Task details:
Would you transcribe the records below from the line with "M 胸寬62 肩寬53 袖長62 衣長70 CM" to the line with "This Sizzero s-1616", ends included, exactly and with nothing more, leaving the pictures out?

Recorded information:
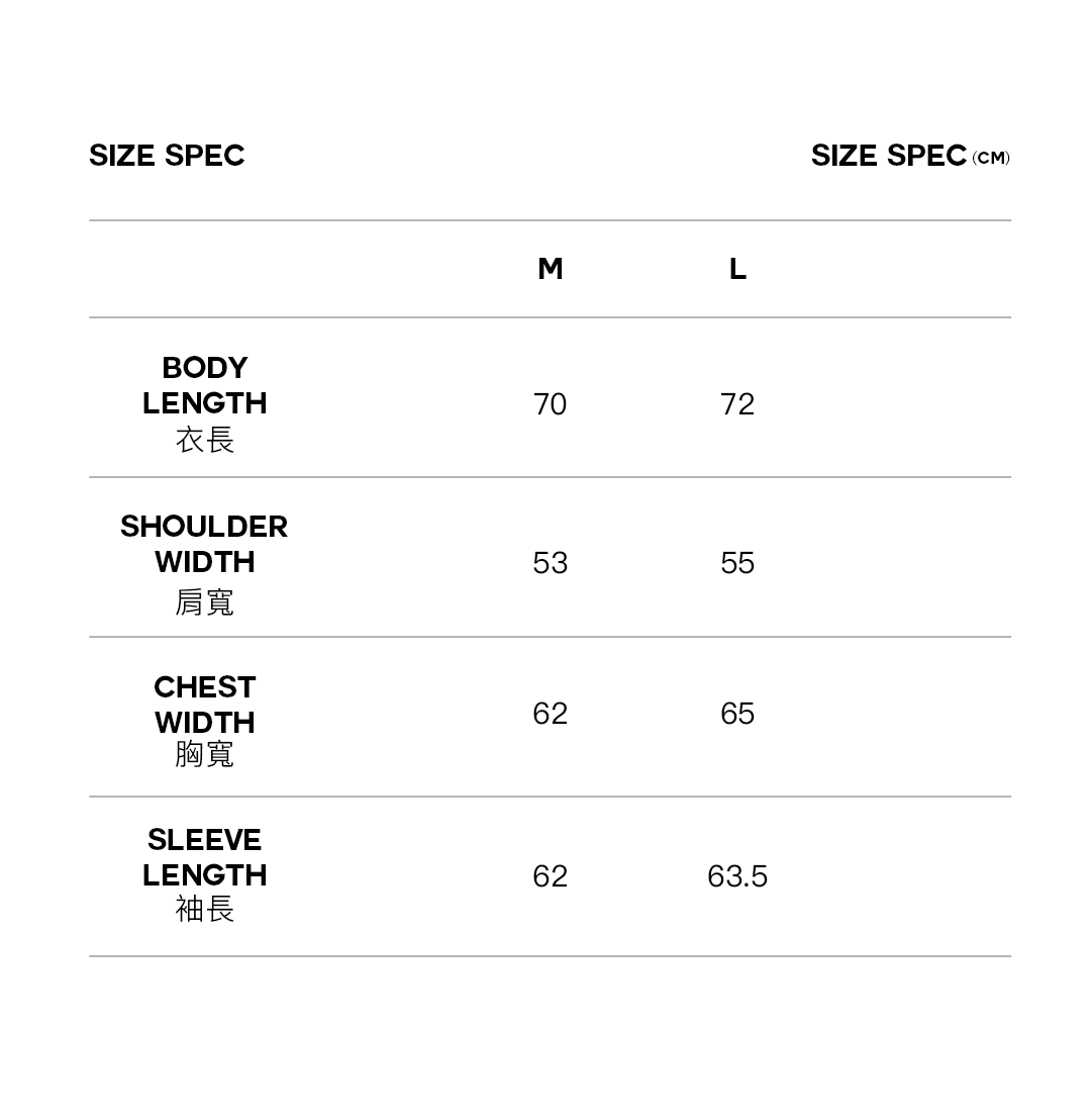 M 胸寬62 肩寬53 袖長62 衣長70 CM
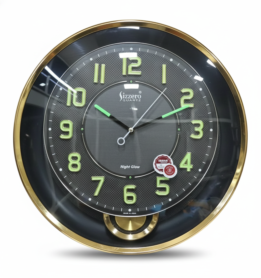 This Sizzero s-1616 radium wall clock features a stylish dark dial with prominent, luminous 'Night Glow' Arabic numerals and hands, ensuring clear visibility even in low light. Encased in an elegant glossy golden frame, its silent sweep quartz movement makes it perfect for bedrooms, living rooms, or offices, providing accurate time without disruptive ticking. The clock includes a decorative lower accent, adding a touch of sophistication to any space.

--

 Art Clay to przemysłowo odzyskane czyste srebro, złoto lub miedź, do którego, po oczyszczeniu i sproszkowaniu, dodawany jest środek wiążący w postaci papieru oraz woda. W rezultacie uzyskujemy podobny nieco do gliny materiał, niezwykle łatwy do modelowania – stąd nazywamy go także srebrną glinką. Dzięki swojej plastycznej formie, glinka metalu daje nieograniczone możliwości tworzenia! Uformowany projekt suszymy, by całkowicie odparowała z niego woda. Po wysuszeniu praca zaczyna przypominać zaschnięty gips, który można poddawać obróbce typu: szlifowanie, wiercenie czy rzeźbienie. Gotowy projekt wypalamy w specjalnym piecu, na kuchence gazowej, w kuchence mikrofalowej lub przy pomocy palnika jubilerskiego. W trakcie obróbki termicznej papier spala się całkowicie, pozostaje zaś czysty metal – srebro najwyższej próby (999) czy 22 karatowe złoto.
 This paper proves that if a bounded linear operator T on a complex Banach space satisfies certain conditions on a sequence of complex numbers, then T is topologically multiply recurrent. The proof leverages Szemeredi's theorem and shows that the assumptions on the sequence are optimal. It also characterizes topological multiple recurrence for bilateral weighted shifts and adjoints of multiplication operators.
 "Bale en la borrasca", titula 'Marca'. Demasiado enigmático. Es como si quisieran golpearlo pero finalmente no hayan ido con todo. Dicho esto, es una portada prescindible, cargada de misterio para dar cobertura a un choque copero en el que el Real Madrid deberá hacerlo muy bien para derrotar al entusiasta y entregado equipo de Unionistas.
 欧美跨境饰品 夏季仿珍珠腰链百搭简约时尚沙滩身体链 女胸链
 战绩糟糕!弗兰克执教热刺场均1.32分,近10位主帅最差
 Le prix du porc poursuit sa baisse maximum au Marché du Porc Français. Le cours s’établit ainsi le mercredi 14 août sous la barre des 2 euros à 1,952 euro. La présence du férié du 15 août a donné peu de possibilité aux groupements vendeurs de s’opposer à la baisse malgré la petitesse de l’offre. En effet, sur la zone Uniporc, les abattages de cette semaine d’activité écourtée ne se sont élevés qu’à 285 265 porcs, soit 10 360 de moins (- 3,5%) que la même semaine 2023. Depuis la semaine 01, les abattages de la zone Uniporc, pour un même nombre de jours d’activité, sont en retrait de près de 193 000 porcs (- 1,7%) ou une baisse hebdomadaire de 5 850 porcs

--

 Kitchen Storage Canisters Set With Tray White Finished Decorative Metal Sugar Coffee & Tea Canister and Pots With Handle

Exercise result:
 M 胸寬62 肩寬53 袖長62 衣長70 CM
 This Sizzero s-1616 radium wall clock features a stylish dark dial with prominent, luminous 'Night Glow' Arabic numerals and hands, ensuring clear visibility even in low light. Encased in an elegant glossy golden frame, its silent sweep quartz movement makes it perfect for bedrooms, living rooms, or offices, providing accurate time without disruptive ticking. The clock includes a decorative lower accent, adding a touch of sophistication to any space.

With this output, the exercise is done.